Assessing modified chest leads as a substitute for electrophysiological systems in left bundle branch area pacing

Abstract Background Left bundle branch area pacing (LBBAP) typically requires an electrophysiological (EP) system. However, many catheterization laboratories in Asian countries lack access to these expensive EP recording systems. Modified chest leads (MCL1 and MCL6) have been routinely used as substitutes for V1 and V6 for continuous monitoring, but their role in LBBAP implantation when assessed via a pacing system analyzer remains unclear.
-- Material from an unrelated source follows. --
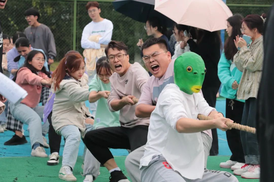 随着裁判的“请各位参赛选手准备”,趣味运动会正式开始。本次趣味运动会设置了披荆斩棘、螃蟹赛跑、珠行万里、毛毛虫竞速、拔河等若干个项目。在披荆斩棘集合项目中,参赛选手们喊着“一二一”的口号大步向前,虽有磕绊,但始终以一个整体大步迈向终点,随后六名队员以纵队形式蹲下,后一人将手搭在前一人的肩上以鸭子步前行,选手们强忍笑意,但谁也不落后,摇摇晃晃向前走去。螃蟹赛跑项目中,掌握了技巧的选手们如飞人一般在场地上穿梭,围观同学拍手叫好。在毛毛虫竞速项目中,队员全力以赴,展现速度与技巧的完美融合。拔河项目中,选手们心往一处想,力往一处使,花式装备更是充分体现了大家必胜的决心以及团结的强大力量。

This study aimed to evaluate the feasibility of MCL as an alternative to a conventional EP system during LBBAP implantation. Methods Between 2023 and 2024, LBBAP was performed in 73 de novo patients with atrioventricular block at Chosun University Hospital, South Korea, using Abbott stylet-driven leads. We compared continuous recordings from a 12-lead ECG-based electrophysiology system with MCL recordings from a PSA. Parameters analyzed included right bundle branch block (RBBB) morphology changes in V1 (or MCL1), QRS transition during differential pacing, left ventricular activation time (LVAT) in V6 (or MCL6), V6-V1 (MCL6-MCL1) interpeak interval, and QRS duration. Results A total of 73 patients (32 men, age 74.3 ± 10.8 years) were included. LBBAP was successfully achieved in all cases, with 24 patients undergoing left bundle branch pacing, 42 undergoing left fascicular branch pacing, and 7 undergoing left ventricular septal pacing. An rSR’ or QR pattern in V1 or MCL1 was observed in all patients. QRS transition Bland-Altman analysis demonstrated that the majority of measurements fell within the 95% limits of agreement between the programmer and the 12-lead ECG system. The intraclass correlation coefficient indicated good agreement for QRS duration (0.849), LVAT in V6 (0.850), and the V6-V1 interpeak interval (0.813). Conclusion Modified chest leads showed a good correlation with the EP system during LBBAP implantation. These findings suggest that MCL may serve as a reliable alternative for cardiac rhythm monitoring in settings where an electrophysiological recording system is unavailable.